Prva NL
- Organising body: HNS
- Founded: 1991; 35 years ago
- Country: Croatia
- Confederation: UEFA
- Number of clubs: 12
- Level on pyramid: 2
- Promotion to: HNL
- Relegation to: 2. NL
- Domestic cup: Hrvatski nogometni kup
- Current champions: Rudeš (3rd title) (2025–26)
- Most championships: Cibalia Inter Zaprešić Marsonia RNK Split Hrvatski Dragovoljac Šibenik Rudeš (3 titles)
- Broadcaster(s): MAX Sport
- Website: www.druga-hnl.com
- Current: 2026–27

= First Football League (Croatia) =

Association football league

The Prva nogometna liga (First football league), commonly Prva NL or 1. NL, is the second tier of the football league system in Croatia. The league was formed in 1991 with the breakup of Yugoslavia and the dissolution of the Yugoslav Second League. The 1. NL is operated by the Croatian Football Federation, which also was formed in 1991, contributing (along with the newly formed Football Association of Slovenia) to the dissolution of the Football Association of Yugoslavia.

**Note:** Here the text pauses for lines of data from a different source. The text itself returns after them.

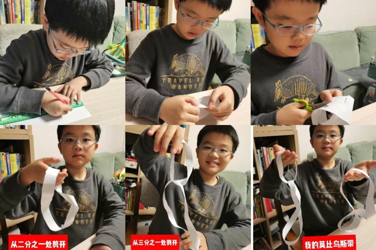 為了更好地培養(yǎng)孩子們學(xué)習(xí)時(shí)鐘知識(shí)的興趣,一年級(jí)開展了“創(chuàng)意鐘面”設(shè)計(jì)等活動(dòng)。“創(chuàng)意鐘面”設(shè)計(jì)活動(dòng)中,孩子們發(fā)揮想象、大膽設(shè)計(jì),利用卡紙、廢棄紙板等物品做成了各式各樣精致的鐘面。讓數(shù)學(xué)在生動(dòng)、活潑、實(shí)踐的操作活動(dòng)中,遠(yuǎn)離枯燥,煥發(fā)光彩。四年級(jí)開展了“莫比烏斯帶的制作與探究”實(shí)踐活動(dòng)。學(xué)生紛紛動(dòng)手制作,捏著一根長(zhǎng)方形紙條的一端,將另一端扭轉(zhuǎn)180°,再首尾粘貼起來(lái),在它的二等分、三等分處剪開會(huì)變成什么樣呢?激發(fā)了學(xué)生探求數(shù)學(xué)知識(shí)的欲望,感受數(shù)學(xué)的神奇所在。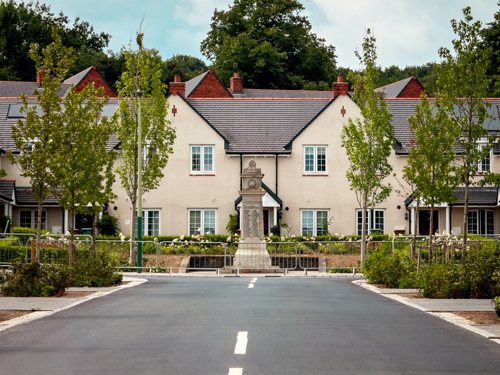 Introduced almshouse-style apartments, landscaped streets, and natural play areas designed around the memorial to celebrate and protect the site’s history.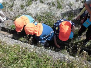 側溝ではタニシを見つけて、取りたい子どもたちは手を一生懸命伸ばしますが届かず、工夫して試行錯誤していました。

Between the 2001–02 season and 2005–06 season, the league was split in two divisions, one being the Northern Croatian Second League and the other being the Southern Croatian Second League. Each of these two leagues comprised twelve teams playing under a system pretty much identical to the one in the HNL. However, since the start of the 2006–07 season, the First Football League consisted of at least twelve teams from the entire country. Relegation from this division is into the 2. NL.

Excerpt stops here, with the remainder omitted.